March 17, 2015
Women’s Rights in the 21st Century: Fifteen Years After UN Security Council Resolution 1325 on Women, Peace, and Security.
In 2000, the United Nations Security Council adopted Resolution 1325, a landmark framework that would shape the global understanding of the roles of women in conflict situations and peace-building processes. Acknowledging the changing nature of warfare, in which civilian casualties have grown exponentially and gender-based violence has become a weapon of war, and recognizing the critical role of women in creating sustainable peace, the Resolution called on member states to take measures to increase participation of women in peace-building processes and to protect women from gender-based violence. Dozens of countries have developed National Action Plans to implement the Resolution and several further Security Council Resolutions have been adopted to reinforce the norms codified in the Resolution. In 2015, the women, peace, and security agenda is being reevaluate by the UN Security Council.
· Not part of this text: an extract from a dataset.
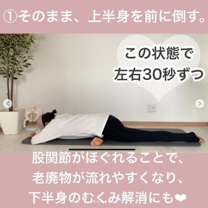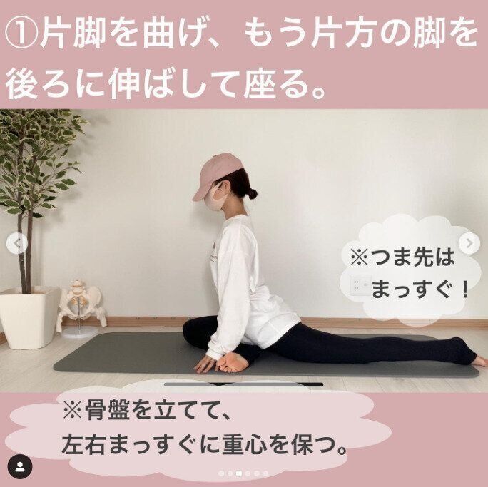 股関節が硬いと、骨盤の傾きも生じやすくなり、姿勢が悪くなると言います。その結果、下半身太りだけではなく、ぽっこりお腹の原因にもなるのだそう。こちらは、骨盤まわりをほぐしたいときのおすすめのストレッチ。写真のように、片足を曲げ、もう片方の足をうしろに伸ばして座ります。

To close the gap between the promise of Resolution 1325 and its implementation, 10 Nobel Peace Prize Laureates, including Jody Williams, commissioned Jared Genser and other partners to prepare and submit a report to the UN Security Council evaluating the impact of the Resolution 1325 and recommending how its implementation can be addressed. In anticipation of the the report that is to be submitted in late March, Jody Williams and Jared Genser will join the Human Rights Initiative to preview its findings and its implications, and to discuss women's rights in the 21st century.